Given a sequence of iid random variables $X_i$ (without loss of generality from $U(0,1)$), an integer $k \ge 1$ and some $p \in (0,1)$, construct the sequence of random vectors $Z^{(j)}$, $j=0,1,...$ in the following way. Let
$$Z^{(0)}=(X_{(1)},...,X_{(k)}),$$
where $X_{(l)}$ is the $l$-order statistic of sample $\{X_1,...,X_k\}$. Introduce notations
\begin{align} Z^{(j)}&=(Z_{j,1},...,Z_{j,k}),\\ m_j&=\min(Z_{j-1,1},...,Z_{j-1,k},X_{k+j}),\\ M_j&=\max(Z_{j-1,1},...,Z_{j-1,k},X_{k+j}) \end{align}
Then
$$Z^{(j)}=(Y_{(1)},...,Y_{(k)})$$
where $Y_{(l)}$ is the $l$-order statistic of the following set which is
- The set $\{Z_{j-1,1},...,Z_{j-1,k},X_{k+j}\}\backslash m_j$ with probability $p$
- The set $\{Z_{j-1,1},...,Z_{j-1,k},X_{k+j}\}\backslash M_j$ with probability $1-p$
The decision between cases 1. and 2. is made independently from the $X_i$ (and hence from the $Z^{(i)}$).
The $Z^{(j)}$ are supported on the $k$-dimensional simplex $S_k = \{(x_1, \dots, x_k) \in \mathbb{R}^k \, | \, 0 \le x_1 \le x_2 \le \dots \le x_k \le 1 \}$.
It appears that the $Z^{(j)}$ converge in distribution. Is this known? Is anything known about the limiting distribution?
For the case $k=1$, the answer is the following.

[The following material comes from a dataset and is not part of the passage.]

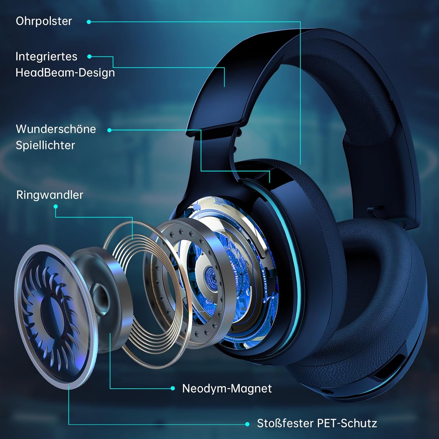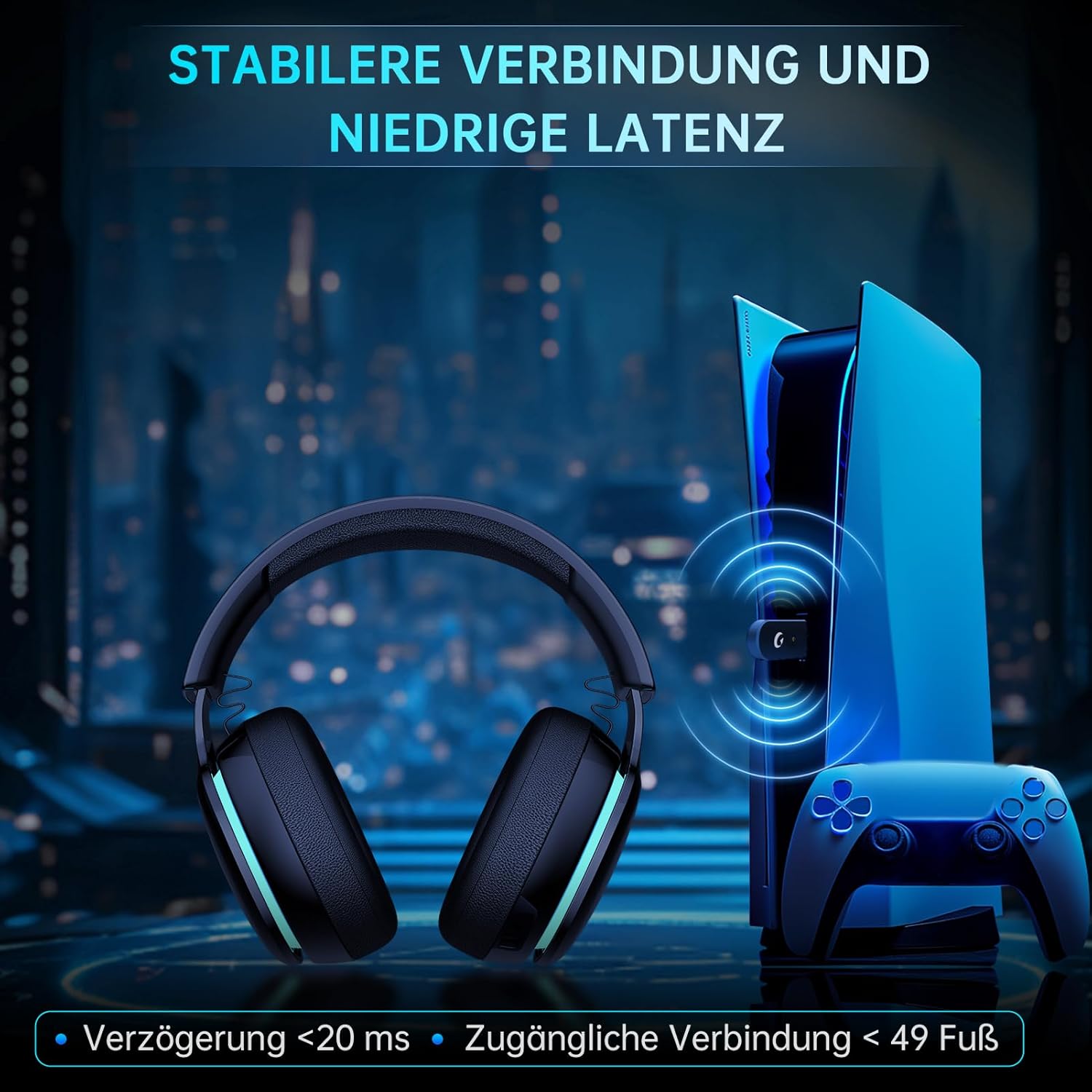 Stabile Verbindung und Stereoklang: Das kabellose Gaming-Headset Gvyugke Captain 300 kombiniert leistungsstarke verlustfreie 2,4-GHz-Funktechnologie für die zugängliche Verbindung bis zu 15 m in einem ungehinderten Raum. Eine geringere Latenz (≤20 ms) und ein 50-mm-Treiber mit 30 % zusätzlichem Soundeffekt sorgen dafür, dass die kabellosen Gaming-Kopfhörer eine höhere Qualität haben, die es Ihnen ermöglicht, die Stimme von Richtungen, Schritten und allen Details in Spielen klar wahrzunehmen und so ein noch intensiveres Spiel zu ermöglichen.

Denote the cdf of $Z^{(j)}$ by $F_j$.
The cdf of $\min(X_{n+1},Z^{(n)})$ (for $U(0,1)$ case) is
$$x+F_n(x)−xF_n(x)$$ and the cdf of $\max(X_{n+1},Z^{(n)})$ is
$$xF_n(x)$$.
Hence
\begin{align} F_{n+1}(x)&=p(x+F_n(x)−xF_n(x))+(1−p)xF_n(x)\\ &=px+(p(1-x)+(1-p)x)F_n(x) \end{align}
Since $p(1-x)+(1-p)x\in(0,1)$ we have that
$$\lim F_{n}(x)=\frac{px}{1-p(1-x)-(1-p)x}$$
I am looking for general results (case $k>1$) either for the limiting distribution of the whole vector $Z^{(j)}$ or of some of its components (marginal distributions).